Based on the provided financial report articles, the title of the article is: "Quantumsphere Acquisition Corporation Quarterly Report (Form 10-Q)
Based on the provided financial report articles, the title of the article is: "Quantumsphere Acquisition Corporation Quarterly Report (Form 10-Q)
Quantumsphere Acquisition Corporation (QUMSU) filed its Form 10-Q for the quarter ended June 30, 2025. The company reported a net loss of $[amount] and a total stockholders’ deficit of $[amount]. As of June 30, 2025, QUMSU had cash and cash equivalents of $[amount] and a working capital deficit of $[amount]. The company’s common stock was listed on the NYSE under the ticker symbol QUMSU, and as of June 30, 2025, there were [amount] shares outstanding. QUMSU also reported that it had completed an initial public offering (IPO) and a private placement of its securities, and that it had granted founder shares and sponsor shares to certain individuals. The company’s financial statements were prepared in accordance with US GAAP and include the notes to the financial statements, which provide additional information about the company’s financial position and results of operations.
Overview
We are a blank check company, also known as a special purpose acquisition company (SPAC), that was incorporated in the Cayman Islands with the purpose of merging with or acquiring a business. We have not yet identified a specific target company for our initial business combination. Our plan is to use the proceeds from our initial public offering (IPO) and a private placement to fund this future acquisition.
Recent Developments
On August 7, 2025, we completed our IPO, selling 8,280,000 units at $10 per unit and raising $82.8 million in gross proceeds. Simultaneously, we sold 228,650 private placement units to our sponsor for $2.29 million. The net proceeds from the IPO and private placement have been placed in a trust account and will be used to fund our future business combination.
We also entered into a finder’s agreement with Aspira Capital Consulting LTD, agreeing to pay them a $300,000 retainer fee and a $3.5 million success fee upon the closing of a transaction.
Results of Operations
Since our inception in July 2024, we have not engaged in any operations or generated any revenue. Our only activities have been organizational tasks and those necessary to complete the IPO. We expect to incur increased expenses as a public company and in searching for and completing a business combination.

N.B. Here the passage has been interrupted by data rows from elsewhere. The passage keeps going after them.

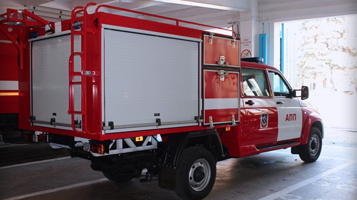 Утепленный фургон из алюминия получил оснащение по типу «рольставни» по бортам, а также на стенке в задней части кузова. При этом сдвижную площадку на крыше авто укомплектовали креплениями для трехколенной лестницы. Часть внутреннего пространства предназначена для бака с водой и емкость с пенообразователем с рабочим объемом на 300 и 30 литров, а также насосный комплекс повышенного давления, рассчитанного на 35 л/мин.
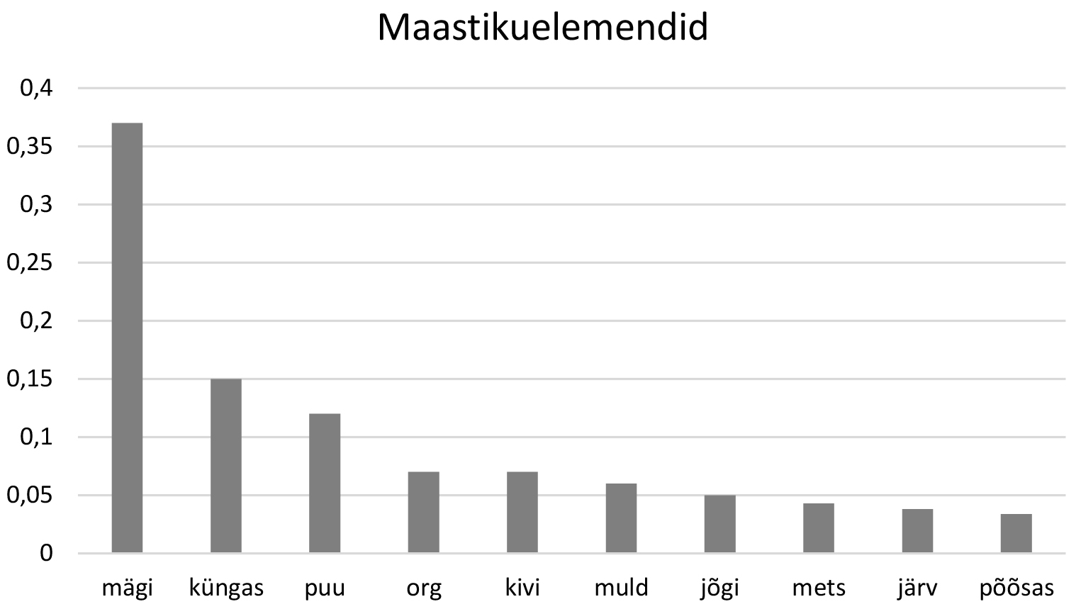 Küsimusele „nimeta maastikuelemente” vastati kokku 117 erineva sõnaga. Neist sagedasemad olid mägi (78, arv sõna järel näitab siin ja edaspidi sõna standardiseeritud sagedust), küngas (55) ja puu (35). Kui võrrelda tulemusi Smithi ja Marki (2001: 607) uurimuse tulemustega, siis oli samas küsimuses samuti esikohal mountain ’mägi’, mida nimetas 54 vastanust 48. Tabelis 1 on kümne enim nimetatud sõna hulgas eranditult kõik looduslikud maastikuelemendid. Inimtekkelisi maastiku­elemente nimetati vähe: hoone (5), park (4), maantee (2), ja vaid ühel korral mainiti sõnu maja, linn, mast, teeviit, tänav ja asfalt. Põllumajandusega seotud sõnu nimetati samuti vähe, nendest esinesid loeteludes vaid rohumaa, heinamaa ja põld. Valdava osa sõnadest moodustavad maastikul silmaga nähtavad ja eristuvad elemendid, omaette alajaotuses on pinnastikuga seotud sõnad muld, savi, liiv, kruus, asfalt, pind ja pinnas, kuid need jäävad prototüübiteooria kontekstis pigem kategooria perifeeriasse, sest nende nimetamissagedus on väike ja nad ei meenu keelejuhtidele esimeste hulgas. Joonisel 1 on näha, kui palju rohkem sõna mägi teistest maastikusõnadest kognitiivselt esildub.
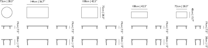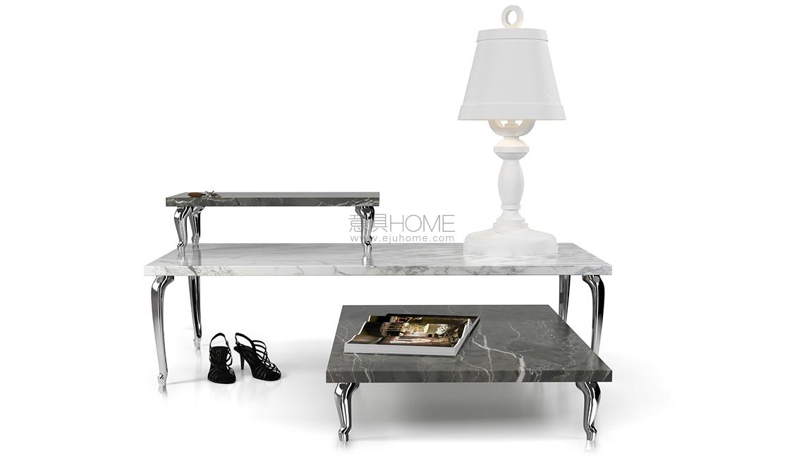 A table for every occasion or a combination of tables placed side by side and onto each other to decorate with elegance, practical sense and a touch of humor. The Bassotti table collection by Marcel Wanders merges the solid grace of marble table tops with the shiny lightness of classically shaped legs.
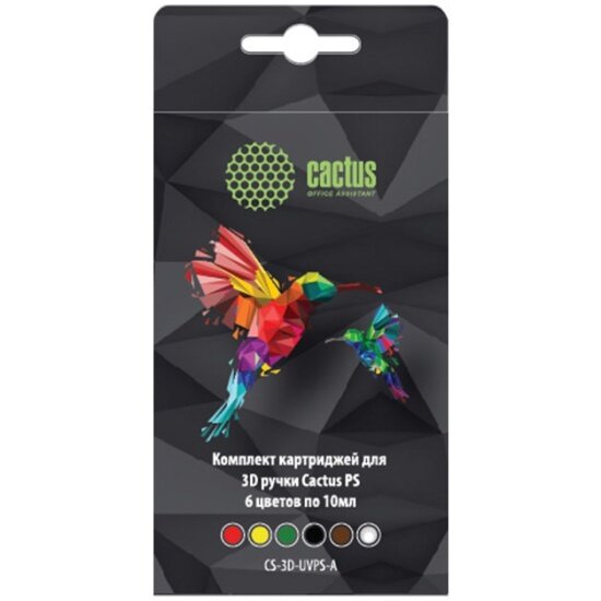 Набор из 6 цветов Cactus для фотополимерных 3D ручек. Пластик изготовлен из фоточувствительной полимерной смолы, которая отвердевает под воздействием ультрафиолета.

For the three months ended June 30, 2025, we reported a net loss of $15,459, consisting of $15,750 in formation and operating costs offset by $291 in interest income.
Liquidity and Capital Resources
As of June 30, 2025, we had $7,559 in cash and a working capital deficit of $212,441. Prior to the IPO, our liquidity needs were met through a $25,000 payment from our sponsor for founder shares and $700,000 in unsecured promissory note loans from our sponsor.
The net proceeds from the IPO and private placement, totaling $82.8 million, have been placed in a trust account and will be used to fund our initial business combination. We intend to use these funds, along with any additional capital raised, to complete the acquisition.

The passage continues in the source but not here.